Bacurau e O Doutrinador, os Brasis do Brasil

ATENÇÃO, este texto contém spoilers de O Doutrinador e Bacurau 

Há Brasis em constante disputa no Brasil: um deles, completamente individualista e despolitizado, quer vingança por suas frustrações. Outro, de gente sempre subjugada, aponta para a necessidade de recuperar o sentido de comunidade e superar, de forma organizada, o que não deu certo até aqui. Em momentos de polarização, como por exemplo o que vivemos nos últimos anos, o antagonismo entre eles se evidencia, rompendo com as aparências cordiais de regulações conciliatórias dos conflitos sociais.

Imagem: divulgação

Estourada a crise sobre que tipo de sociedade queremos ser, a imagem do país harmonioso e alegre, abençoado por Deus e bonito por natureza, já não é mais suficiente para mascarar a violência intrínseca à formação de nosso tecido social. Os encontros entre Brasis deixam nítido que nunca fomos um povo cordial; sempre fomos, na verdade, dissimulados.

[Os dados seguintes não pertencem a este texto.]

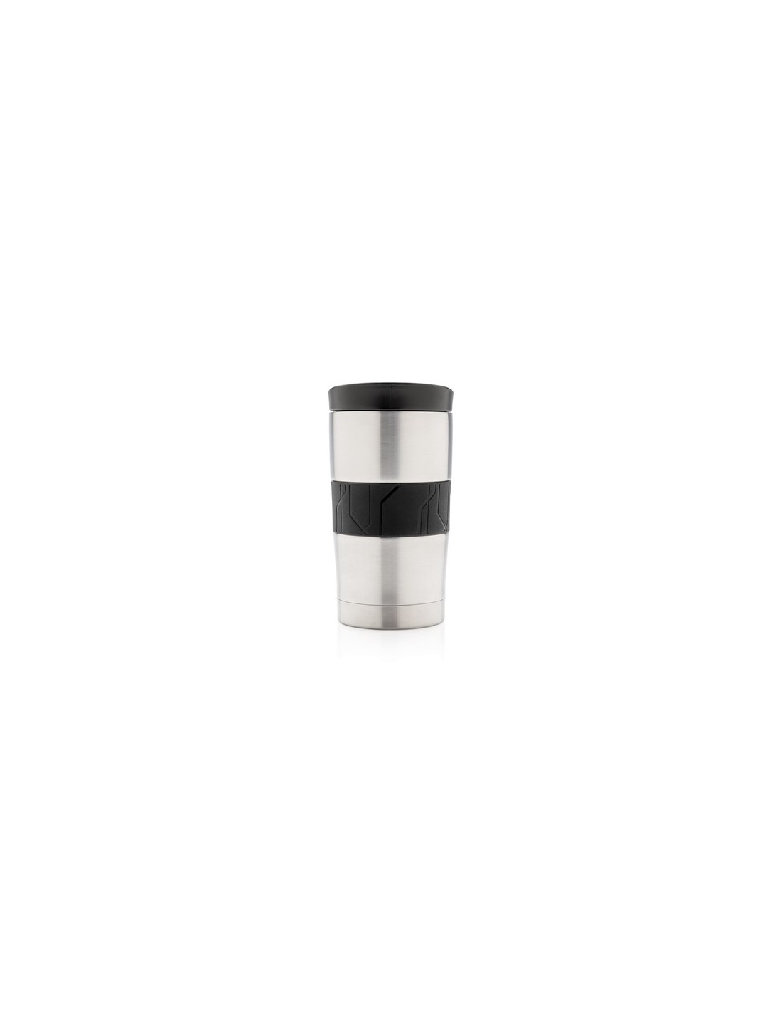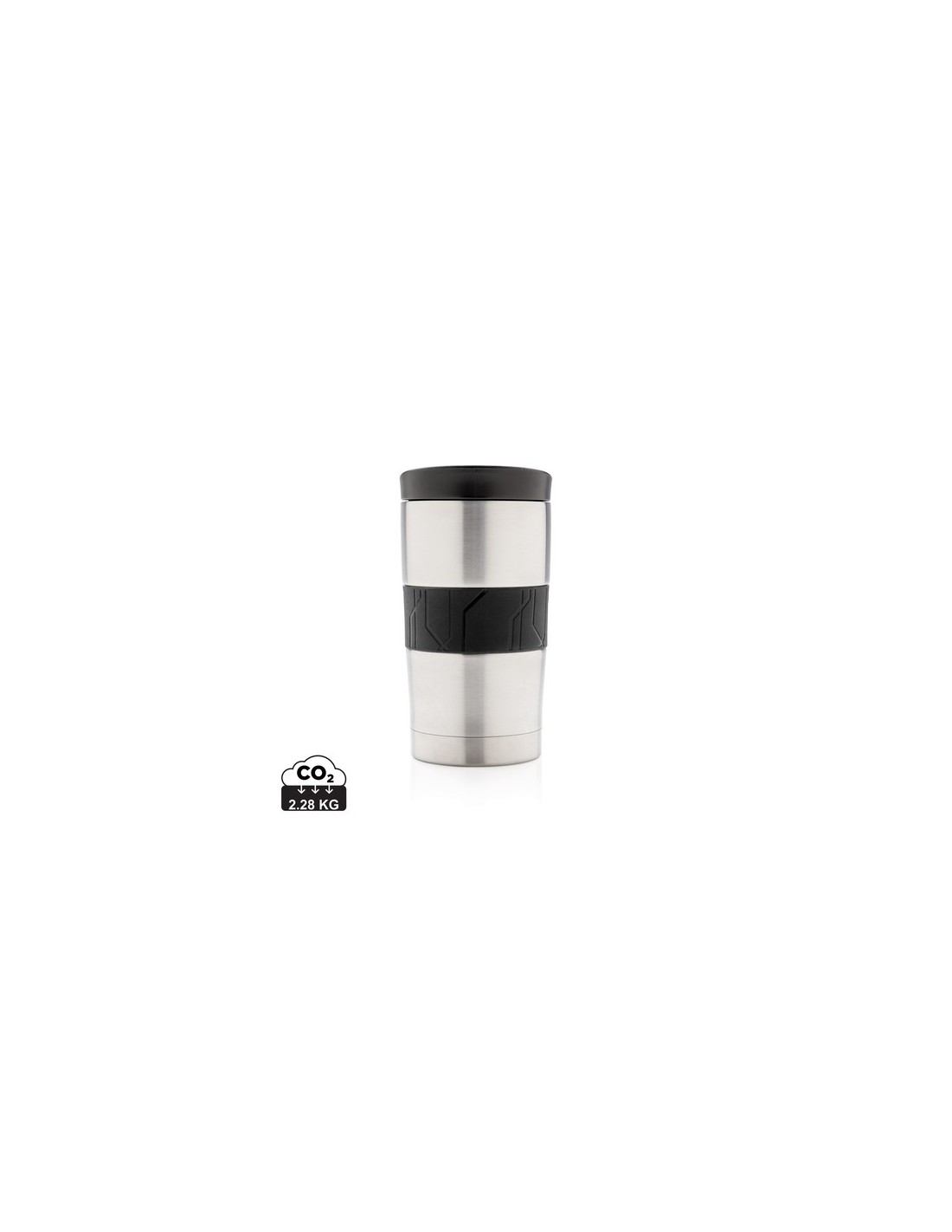 Taza antigoteo al vacío hecha de doble pared 304 de acero inoxidable con empuñadura de silicona y tapa deslizante. Apta para lavavajillas y adecuada para la mayoría de las máquinas de café. Fácil de beber con 1 mano. Contenido: 300ml. Material : Acero inoxidable, Silicona Recycled Content Percent : 0 Sin materiales Bisphenol A, Conforme legislación alimentos Alemania, Conforme directiva SVHC 1907/2006/EC, Libre de parafinas cloradas de cadena corta y media. Packaging : Caja de regalo All print codes : Pad Print Drinkware,SilkScreen Round,Laser Engraving 3 - Print code default : Tampografía - parte frontal/alta del artículo - 30 x 25 mm - max color : 5 Social Audits : SMETA Total CO2 emissions : 2,28.

O cinema brasileiro, claro, não passa ileso pelas questões de seu tempo. Distribuídos pelas grandes telas, filmes com diferentes propostas e sobre diferentes Brasis disputam narrativa nos quesitos linguagem, estética e mensagem, sempre atrelados às disputas concretas que acontecem no conjunto da sociedade. Falaremos, então, sobre O Doutrinador e Bacurau, cada qual representante de um tipo de Brasil.

O DOUTRINADOR

No Brasil de O Doutrinador pulsa a insatisfação desordenada da classe média brasileira urbana, grupo social do qual faz parte o super-herói adaptado para o cinema de histórias em quadrinhos.

Ao ver a filha morrer vítima de uma bala perdida e sem atendimento público de saúde, o protagonista Miguel (Kiko Pissolato), um policial de elite, decide fazer justiça contra o sistema com as próprias mãos.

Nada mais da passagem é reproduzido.